In short, now that clinical bone transplantation has entered the era of composite xenotransplantation, there are still many issues worth exploring: such as identifying the interrelationship between bone graft immunity and osteogenic induction, understanding the material basis of the two at the subcellular level: the regulatory network of bone induction factors, etc.: the regulation of bone marrow stromal stem cells, the basic theory and technical methods of induced differentiation, etc.: how to match xenogeneic bone materials, seed cells, and growth factors well, etc., with the deepening of basic and clinical research, Xenotransplantation will be accompanied by the rapid development of bone tissue engineering represented by stem cells, and new progress will be made.
References
[1] Lane JM,Sandhu HS, Orthop clinNorth Am,1987; 18(2):213-225. [2] Liu Wei, Lu Yupu, Hu Yunyu, Immunohistochemical experiments on antigenicity of heterogeneous bone were studied in Chinese Journal of Orthop,1989,91:53-54.
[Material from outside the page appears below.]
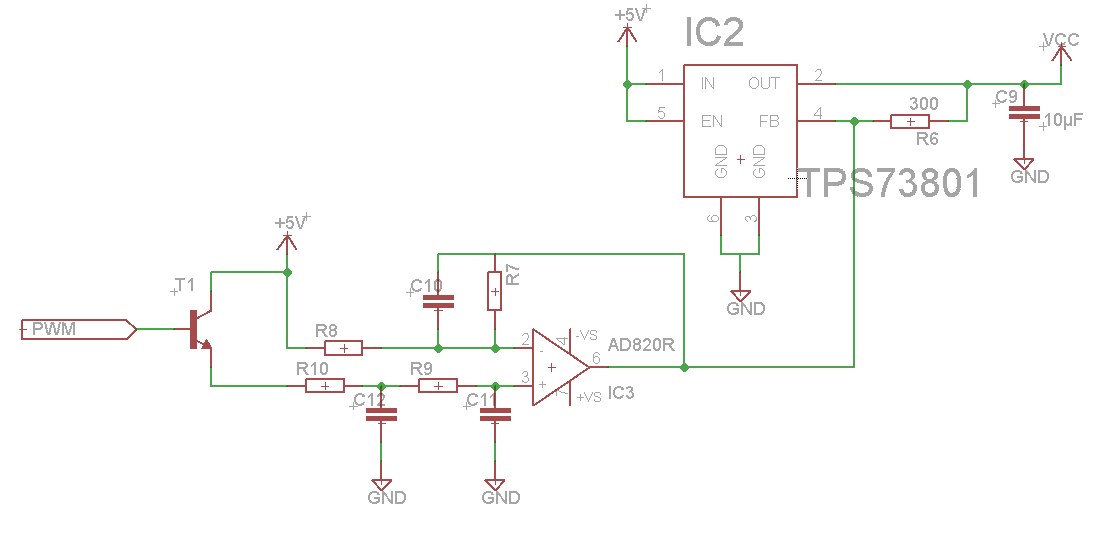 Danke für die schnelle Antwort! Das hört sich ja schon mal gut an, im Bezug auf den Spannungswechsel am µC. Ich entwerfe ein Board, zum Testen eines selbst erstellten µC (DUT, aus einem Praktikum an der Uni). Das Board soll eine Art STK500 sein, ein DUT (Device under test) und ein µC (ATmega) zum steuern/auswerten. Dabei soll alles zwischen 3,3V und 5V laufen können. Dabei kam mir halt die Idee per PWM ein LDO zu steuern, so dass ich ohne Pegelwandler auskomme. Vielleicht habt ihr noch besser Ideen zu dem Thema. @Flak: Was ist an der Schaltung so fehlerhaft?

[3] Luo Zhuojing, Hu Yunyu, Wang Qian, Immunohistochemical study of antigen distribution of xenogeneic cancellous bone graft, Chinese Journal of Orthopedics, 1998, 56:539-540.
[4] Cho,Gyunggoo,et al. Detection ofHydroxyl lons in Bone Mineral bySolid State NMR Spectroscopy J. Science,2007,300(5622):1123-1127.
About the Author
Yu Xiaodong (1983-), male, from Changsha City, Hunan Province, holds a master's degree. He is currently working in Changsha Hospital of Traditional Chinese Medicine (Changsha Eighth Hospital). His research interests are trauma orthopedics and microsurgery.